A palavra “utopia” entrou para o vocabulário da humanidade graças a uma obra do filósofo inglês Thomas More (1478-1535), um dos grandes humanistas do Renascimento. Tendo passado por vários cargos públicos e tendo sido inclusive um importante assessor do Rei Henrique VIII, More caiu em desgraça quando aquele resolveu romper com o Vaticano para poder se divorciar e casar novamente: por recusar-se a aceitar o rei como cabeça da Igreja da Inglaterra, More foi executado em 6 de julho de 1535. A sua firme posição em favor da Igreja de Roma acabou sendo reconhecida pelo Vaticano, que o proclamou santo através do Papa Pio XI em 19 de maio de 1935.

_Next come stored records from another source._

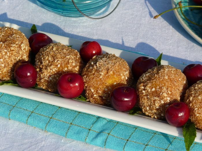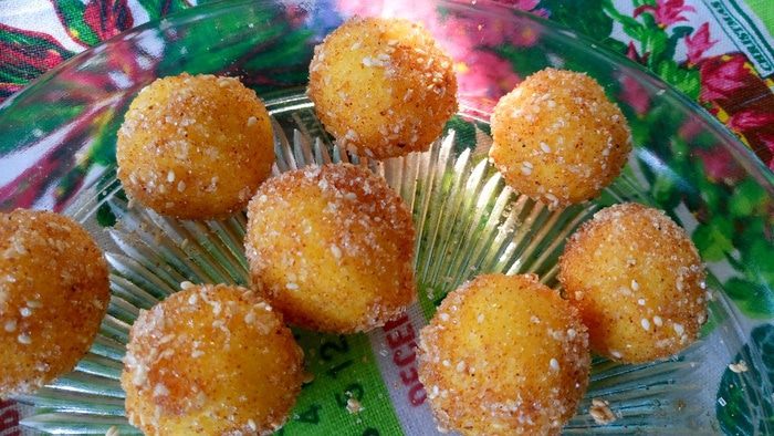 Окунуть в смесь из сухариков и кунжута. Готово! Подавать теплыми, можно со сметаной.
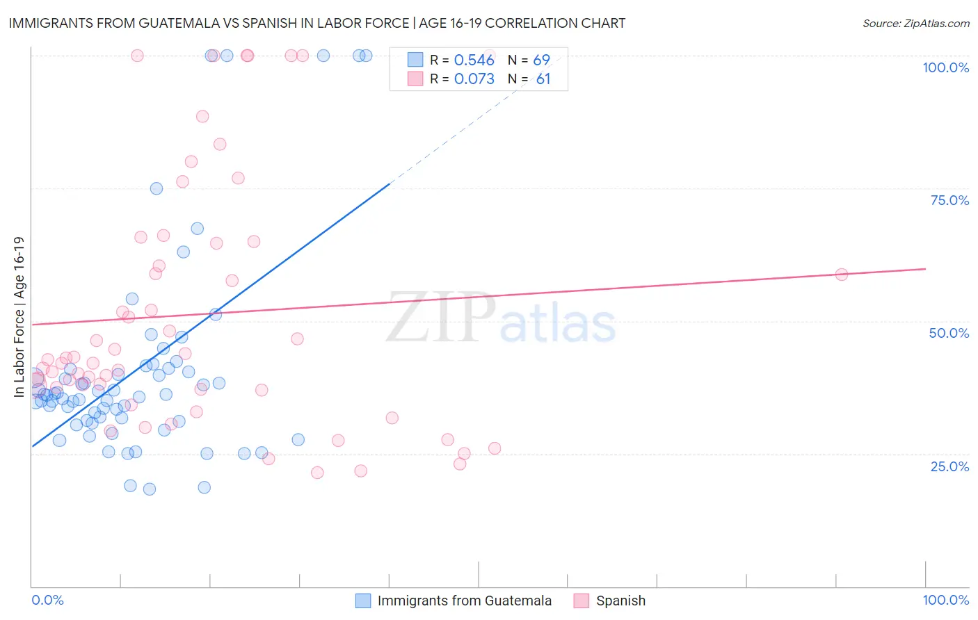 Immigrants from Guatemala vs Spanish In Labor Force | Age 16-19 Correlation Chart
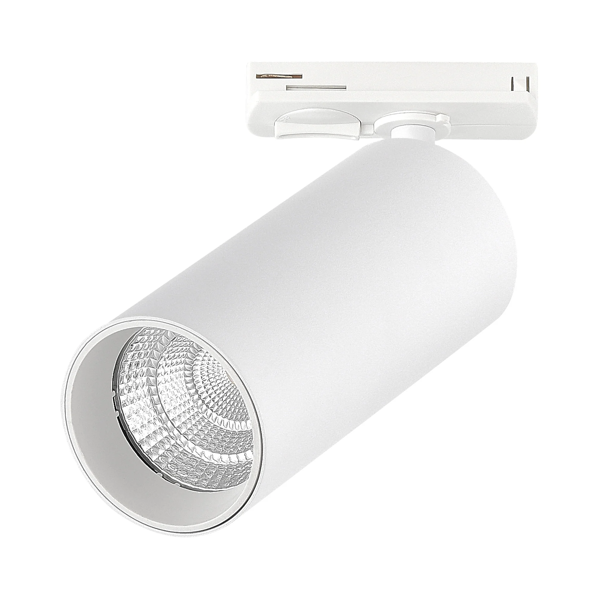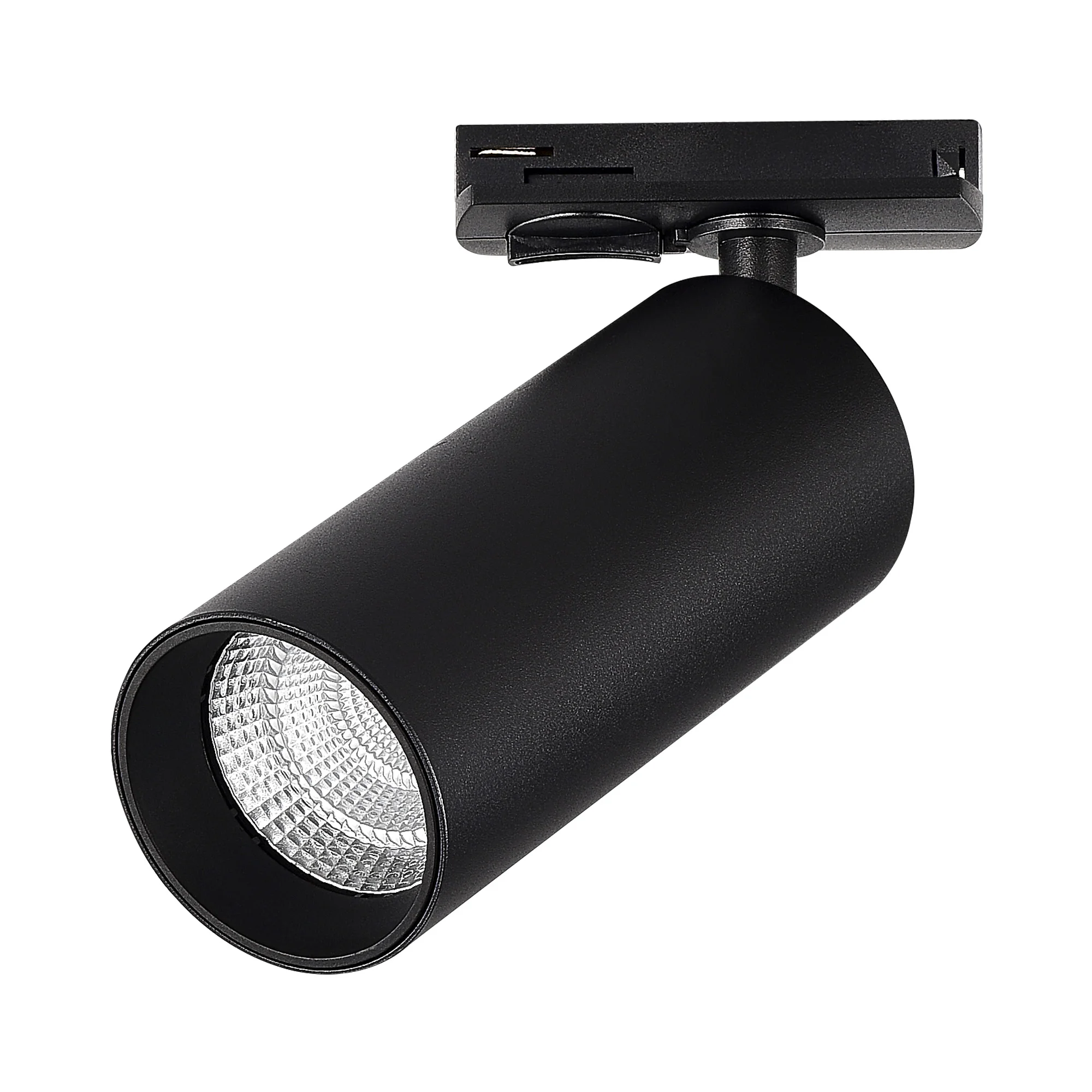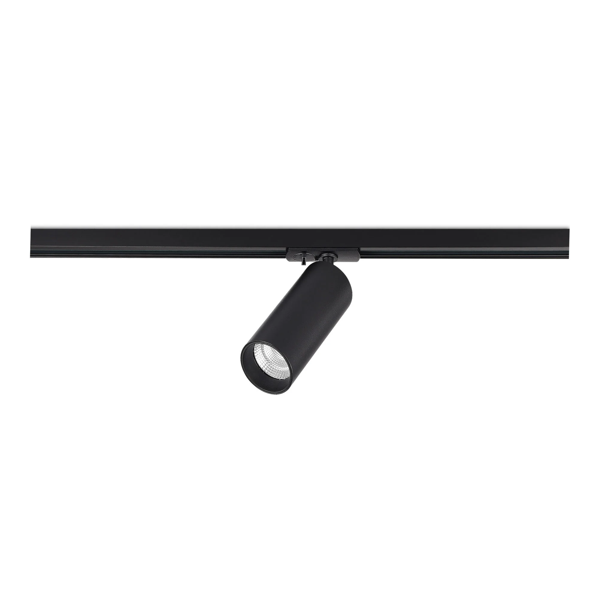 Светильник поворотный для магнитных треков шириной 25 мм, 7 Вт. Цвет свечения дневной 4000K, световой поток 410лм, изменяемый угол излучения 20-55°, CRI>90. Корпус цилиндрический, металл, цвет черный, IP20. Размеры LxWxH 128x35x105 мм. Входное напряжение DC24V, мощность 7 Вт. Драйвер DС24V/AC230V поставляется отдельно.

De toda sua obra – composta por tratados, obras de história, cartas e textos religiosos – foi o livro “Utopia” que acabou tornando seu nome conhecido para as próximas gerações. Em forma de diálogo, More coloca na boca do personagem fictício Rafael Hitlodeu as ideias do livro, que é dividido em duas partes: na primeira é apresentada uma virulenta crítica à justiça e à política da época, e na segunda é descrita a vida numa ilha fictícia no Novo Mundo, chamada Utopia (como era de se esperar).
É um tanto chocante para o leitor de hoje ler as críticas de More à justiça inglesa dos séculos XV-XVI: o personagem Rafael Hitlodeu não se conforma com o fato de que a pena de morte fosse utilizada contra simples assaltantes, que frequentemente não tinham possibilidade de arranjar trabalho e que roubavam para conseguir comida. Instigado pelos interlocutores – entre os quais o próprio Thomas More (!) – a ajudar governantes com suas brilhantes ideias, Rafael Hitlodeu debocha das boas intenções dos governantes em geral – mostrando que tem coisas que não mudam mesmo.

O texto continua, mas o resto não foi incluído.